Ryan’s House celebrates with groundbreaking

There was singing and dancing, modeling and filming, dining and mingling. And there was a giant check for $7,500. Members of the island community and beyond gathered in the woods west of Clinton Thursday evening on the land that will someday be a place of refuge and support for the island’s homeless youths.

SCATCHET HEAD — There was singing and dancing, modeling and filming, dining and mingling.

And there was a giant check for $7,500.

Members of the island community and beyond gathered in the woods west of Clinton Thursday evening on the land that will someday be a place of refuge and support for the island’s homeless youths.

Lori Cavender plans to build a youth shelter on the five acres off Mortland Drive that were donated to her nonprofit organization, Ryan’s House, earlier this year.

The groundbreaking event celebrated the advances the project has seen in the last year.

“We’re ecstatic about how the community has rallied around this project and this event,” Cavender said as the Bahia band’s Caribbean-infused jazz riffs cooled the mood after a night chock-full of festivities.

“The community actually has a lot to be proud of because this is so not my project,” she added. “It’s taken on a life of its own.”

The lively event included a barbecue and coffee, a blessing of the ground by Pastor Dan Erlander, a parade of classic Model A cars as part of a fashion show put on by maurices clothing store, a performance from Island Dance and a song by Karla Gilbert, who was recently named a winner in the maurices Main Street Model Search and was awarded a charitable donation she gave to Ryan’s House.

It would be hard to choose the most exciting activity of the night, but perhaps the most monumental was when Cavender and Marianne Busche, Ryan’s House vice president and mother of the organization’s namesake, sank their golden shovels into the dirt as the audience clapped and cheered.

“He would have been tickled,” Busche said of her son, who was killed in a plane crash several years ago. “This was his heart.”

“It’s great to see everyone donating their talents,” she added.

Throughout the night, guests looked through the shelter building plans set on an easel, where Busche chatted with visitors about the project.

Some guests were inspired to sign up as volunteers.

Brother and sister David and Ann Hefflinger of Freeland signed on to help after learning about the project this summer at community events, where Cavender and others slept on a couch to raise awareness of the unstable situations many island teens face.

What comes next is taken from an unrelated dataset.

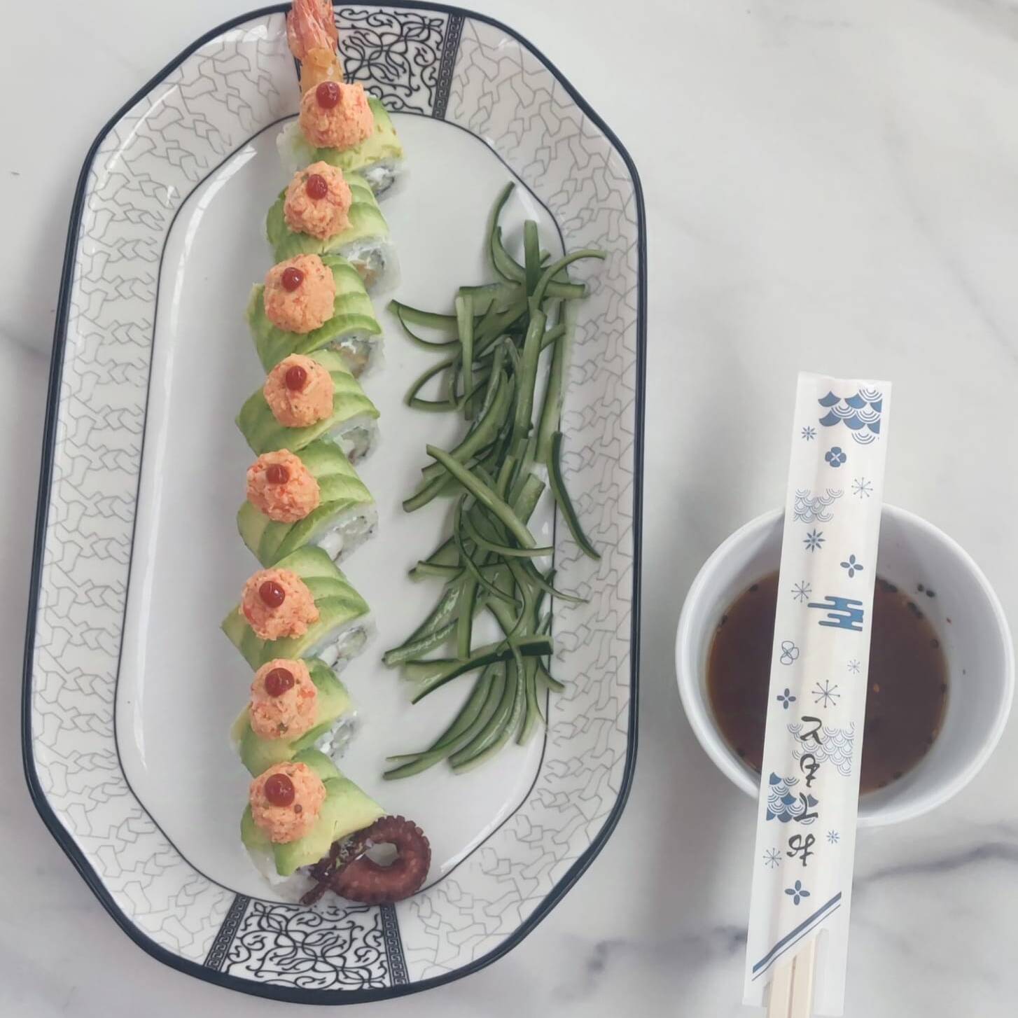 (AGUACATE ENVUELTO CON ATUN FRESCO Y SURIMI, BAÑADOS EN ADEREZO DE CILANTRO Y ACEITE DEGENJOBRE

“I think about not having a bed,” 17-year-old David said. “I feel really humbled and I just want to help out somehow.”

“I love that there’s a place where these kids can get support. It gives them self-respect, dignity. They deserve that,” said Ann, 19, who has volunteered at a Seattle mission for the homeless, where she noticed how often people without homes are ignored or disrespected.

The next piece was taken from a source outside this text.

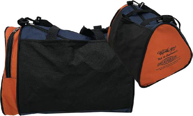 Unique triangular shaped bag with a mesh pocket and extra side pocket.

“Everyone needs someone to love them,” she added.

People seem to be recognizing that, and the project now has more than just community support.

Ryan’s House has gained national attention — and financial backing — through Gilbert.

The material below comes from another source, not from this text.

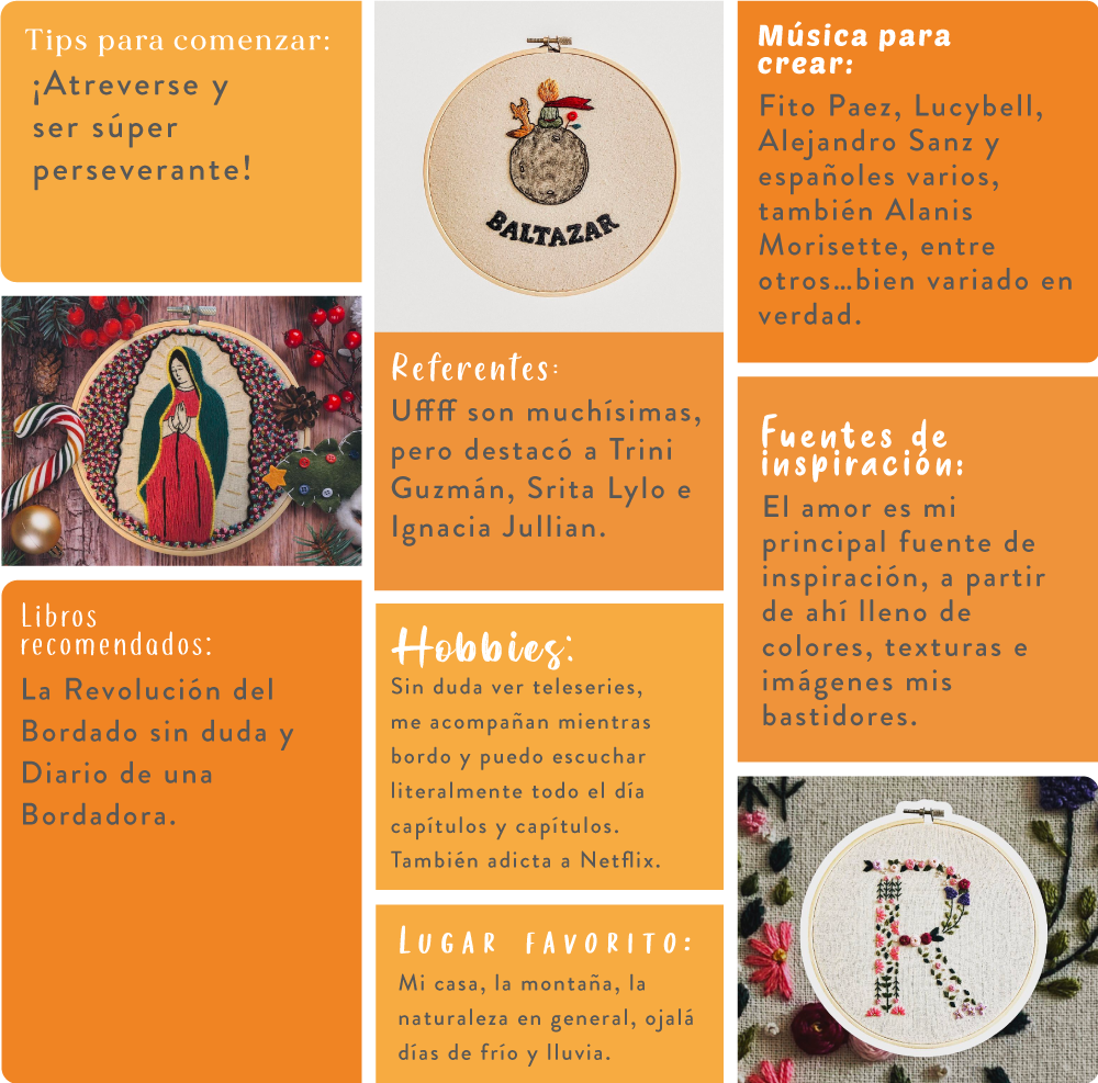 Soy María Jesús, más conocida como la Jesu. Ingeniero comercial de profesión, casada hace 14 años y con dos hijos de 12 (Pelayo) y 10 años (Colomba). Siempre estuve encantada y enamorada del bordado, primero punto cruz, el cual conocí gracias a mi mamá, quien me hizo clases de técnico manual, asignatura que casi ya no existe, pero que sí o sí debería volver. A pesar de estar siempre ligada a este maravilloso arte, me dediqué durante 14 años a mi profesión y durante la pandemia me reencontré con mi gran pasión, me especialicé aún más y me lancé con clases y bordados a pedido. Para mí bordar, además de llenarme el corazón, se ha transformado en una terapia sanadora que sueño compartir con miles de personas y formar una gran comunidad entre hilos y colores.

Gilbert’s award package included a modeling contract with maurices, $1,500 in maurices clothing, a Flip video camera to document her journey as a new maurices model and a $7,500 donation to the charity of her choice.

Gilbert, along with maurices marketing manager Monica Hendrickson and designer Christopher Straub, presented Cavender and Bushce with the giant check, made out to Ryan’s House.

The exuberant 27-year-old Clinton native, who now lives in Coupeville, was one of 12 competition winners. She’s been busy immersing herself in the life of a model the last few days, something she hadn’t imagined for herself before entering the competition.

“I’m like 5-foot-4 — I never thought I could model,” she said, laughing.

The modeling contract was only a secondary thought to Gilbert, who said winning the donation for Ryan’s House was the whole reason she entered the competition.

“It actually hits really close to home,” Gilbert said.

Gilbert’s aunt was killed on the same flight as Busche’s son.

Cavender, Busche’s god-daughter, set up Ryan’s house in her god-brother’s memory. Meanwhile, Cavender was volunteering in Gilbert’s mother’s classroom, and eventually Gilbert’s mother began helping with Ryan’s House.

It wasn’t until after the two women had been working together for several years that they discovered their connection.

“It was all meant to be,” Gilbert said.

“She had a great story,” said Christopher Straub, a competition judge and maurices designer who is known for his appearances on Lifetime’s Project Runway.

Straub said maurices is dedicated to being involved in the small towns the store serves, which is why a charitable donation was included in the models’ award packages.

“We really felt connected to her right off the bat,” he said of Gilbert. “She was very personally affected by this and felt empowered to do something.”

The good that can emerge out of tragedy seemed to be a theme of the high-spirited evening.

Cavender said after the Alaska Airlines Flight 216 crash in early 2000, many of the victims’ families and loved ones came together to support each other and their projects. Several of the families were at the groundbreaking event.

“It’s been nice to see that some good can come out of something that was so tragic as losing all those lives,” Cavender said.

The $7,500 donation will most likely go to county fees because almost everything else has been donated.

“Really the only money we’ve spent out of our budget has been for publicity and for county fees,” Cavender said. “So we have a lot to be thankful for.”